On November 04 2013 22:04 Osmoses wrote:
From the start everyone just agreed that sports meant hard physical work, and that an athlete was a practitioner of said hard work. There is a variance of course, of hard work vs technique/skill between different sports, but personally I'd draw the line where you no longer need strong muscles to compete.
The fact that the term "e-sport" caught on has nothing to do with the activity itself, and the participants are certainly not athletes, in the original sense of the word. And why change the meaning of an old word, making it more obtuse and less meaningful in the process, rather than making up a new one?
I think pro-gaming and pro-gamer does the job just fine.
From the start everyone just agreed that sports meant hard physical work, and that an athlete was a practitioner of said hard work. There is a variance of course, of hard work vs technique/skill between different sports, but personally I'd draw the line where you no longer need strong muscles to compete.
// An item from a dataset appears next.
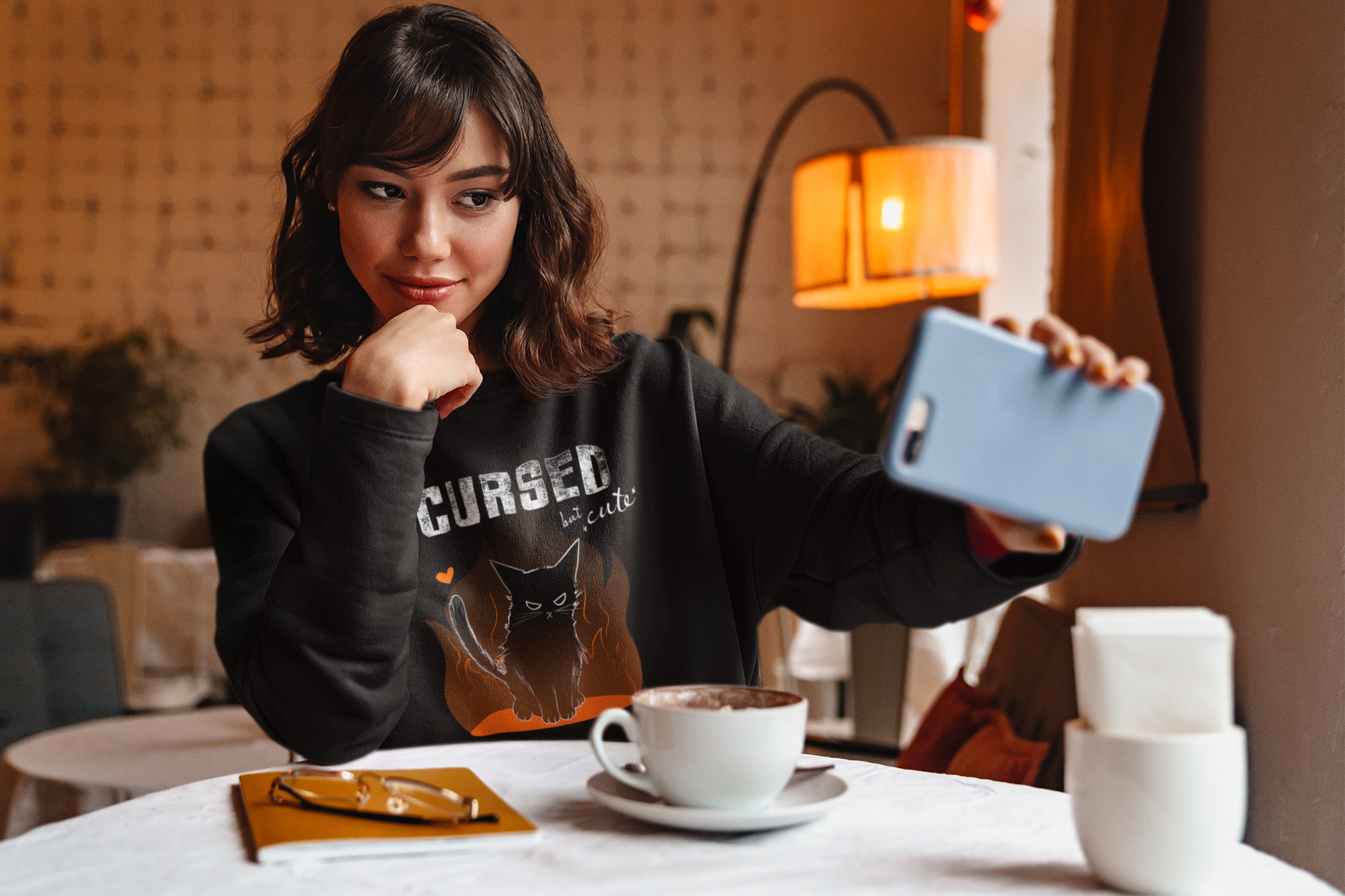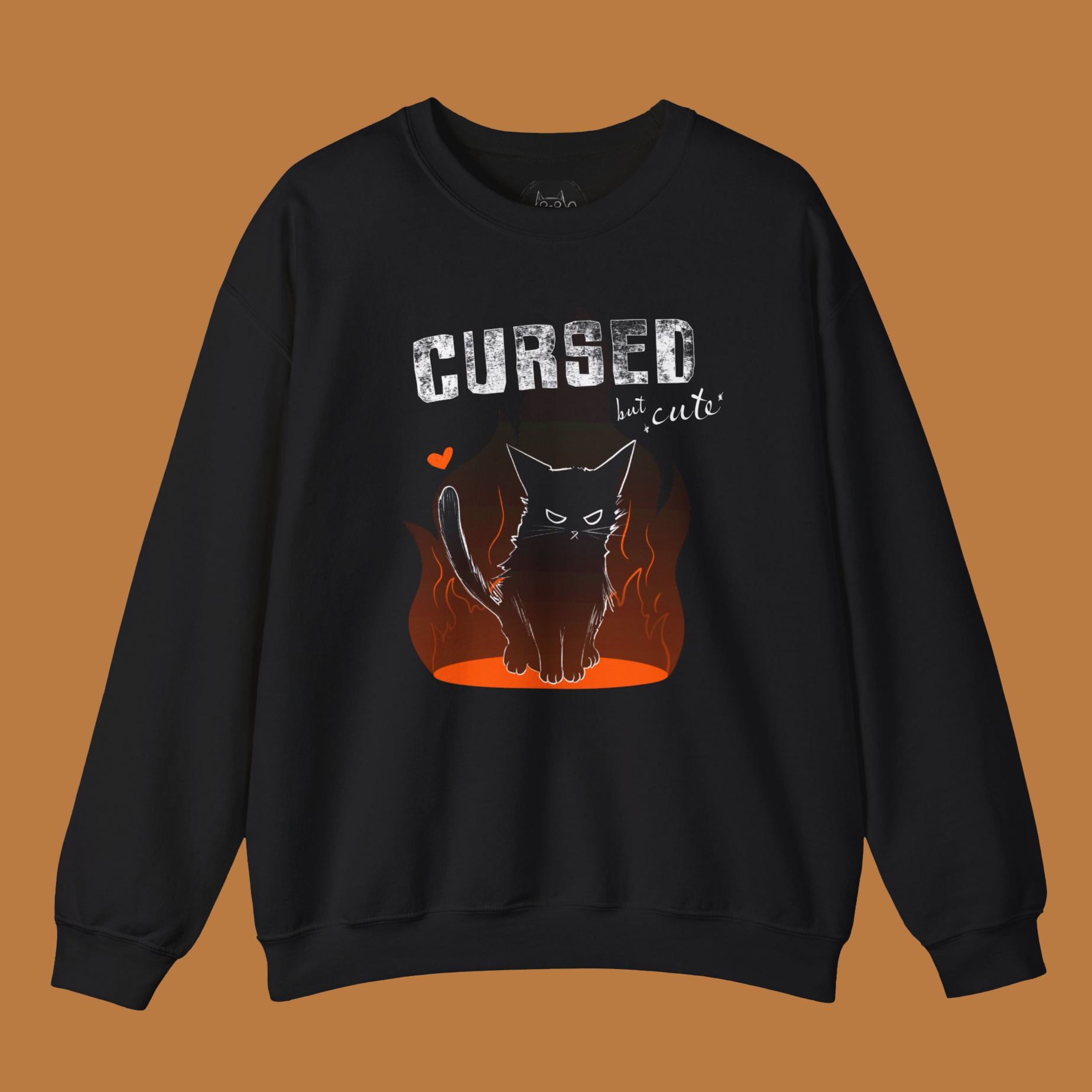 Featuring a “totally innocent” cat casting side-eye from the depths of a firestorm (yes, really), the Cursed but Cute sweatshirt wraps you in cozy while letting the world know that beneath your snuggly exterior lives a chaotic gremlin with a caffeine addiction and no apologies.

The fact that the term "e-sport" caught on has nothing to do with the activity itself, and the participants are certainly not athletes, in the original sense of the word. And why change the meaning of an old word, making it more obtuse and less meaningful in the process, rather than making up a new one?
I think pro-gaming and pro-gamer does the job just fine.
So what about racecar driving? What about Shooting? What about Archery? Curling, Bowling, Darts, horseback riding, fishing. Some of them are olympic. You need to be in a solid physical shape for most of them but you don't need "strong muscles" to compete.
edit: This is totally off-topic and a stupid discussion anyways.